Our mRNA expression analysis identified two genes that showed significantly higher expression in the NR group, indicating their potential use as predictive biomarkers: MAGEA12 and MAGEA4. In addition, the high expression of MAGEA4 associated with low response indicated that this high expression could represent an indication to select vinflunine as a therapeutic option. Nevertheless, it was shown that enhanced expression of CT Antigens makes cells more susceptible to CT antigen-specific cytotoxic T cells mediated killing [27], making these patients potential candidates for ICB therapy. The high expression of MAGEA associated with progression could be relevant for treatment selection, since increased expression of a subcluster of MAGE-A cancer-germline antigens has been shown to predict resistance specific to CTLA-4, but not PD-1, blockade, and its association with autophagy suppression implicates the role of autophagy in regulating primary resistance to anti-CTLA-4 therapy. Presently, there is an ongoing clinical trial testing the effectiveness of anti-MAGE-A3/12 in TCR-gene engineered lymphocytes in metastatic cancer patients (NCT01273181).
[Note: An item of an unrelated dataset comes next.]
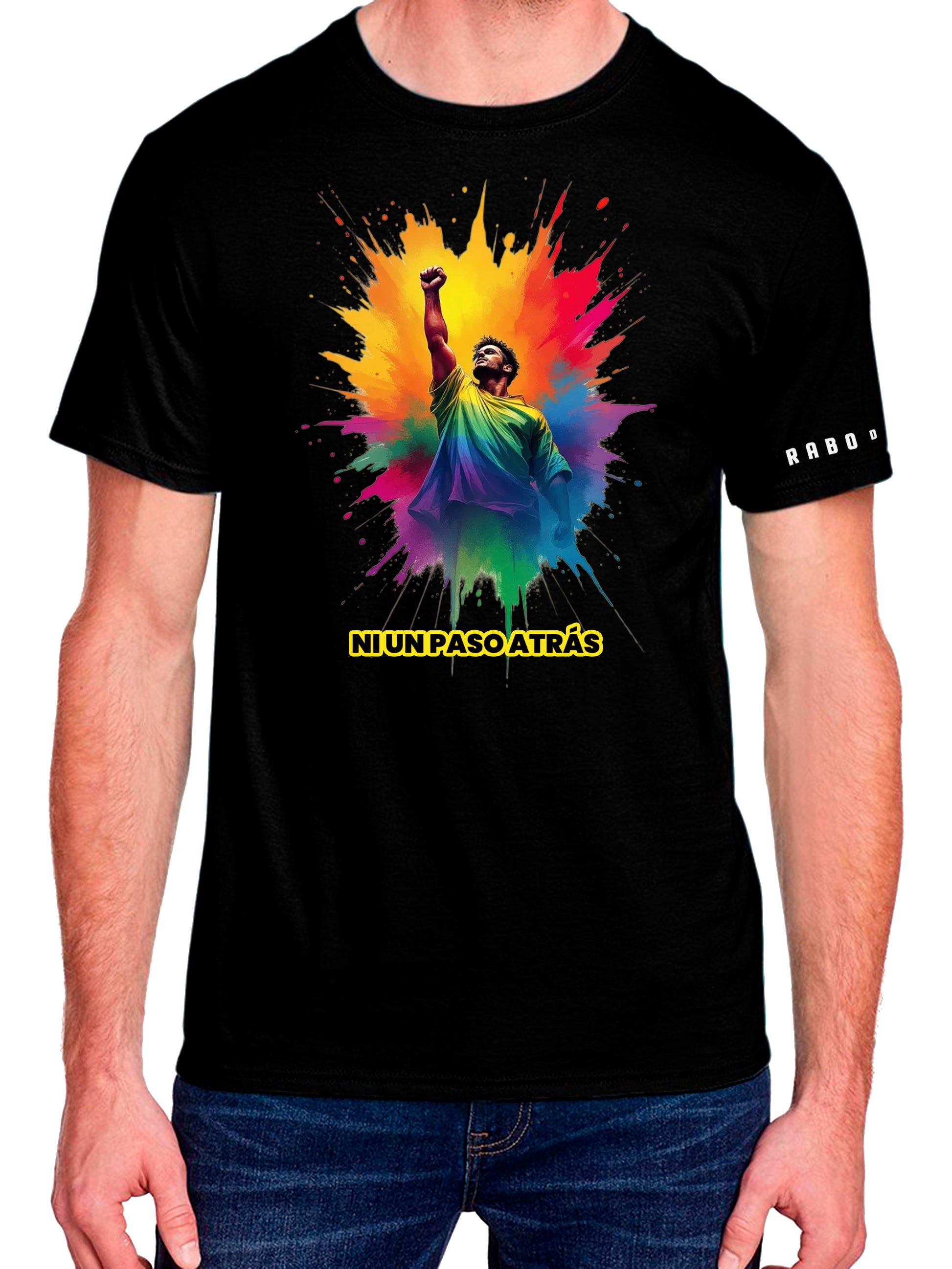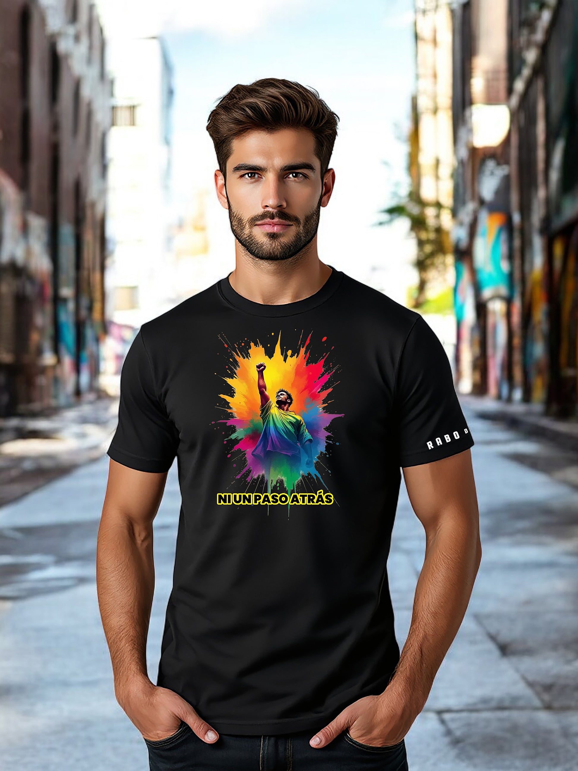 Con un llamativo diseño de un manifestante con la mano extendida, respaldado por una explosión de arco iris, esta camiseta es un poderoso símbolo de resistencia, resiliencia y orgullo. El mensaje, "Ningún paso atrás", habla de la urgencia de nuestro momento actual: mientras los derechos LGBTQ+ se ven atacados en todo el mundo, ahora es el momento de permanecer unidos y negarnos a renunciar a las libertades por las que nuestra comunidad ha luchado tanto.

The study has several limitations. Despite the careful selection of patients, the sample size is small. Even though patients with similar clinical and molecular characteristics are compared, there is substantial unexplained variation in patient outcomes, which makes it extremely difficult to drive robust conclusions. For example, recent data have shown that there may be differences observed during tumorigenesis and clinical outcomes based on sex-specific gene regulatory networks [28]. The main limitation of the study is that the observations are hypothesis-generating, and thus are not ready to be used for clinical decision making. While additional studies are required, we advocate continuing studying drugs and predictors of response for agents, which have already shown efficacy in a subgroup of patients. Novel tools, novel designs and faster personalized strategies are needed to avoid the standard low process to approve drugs. This attempt may offer new opportunities for patients using available and/or off-patent drugs.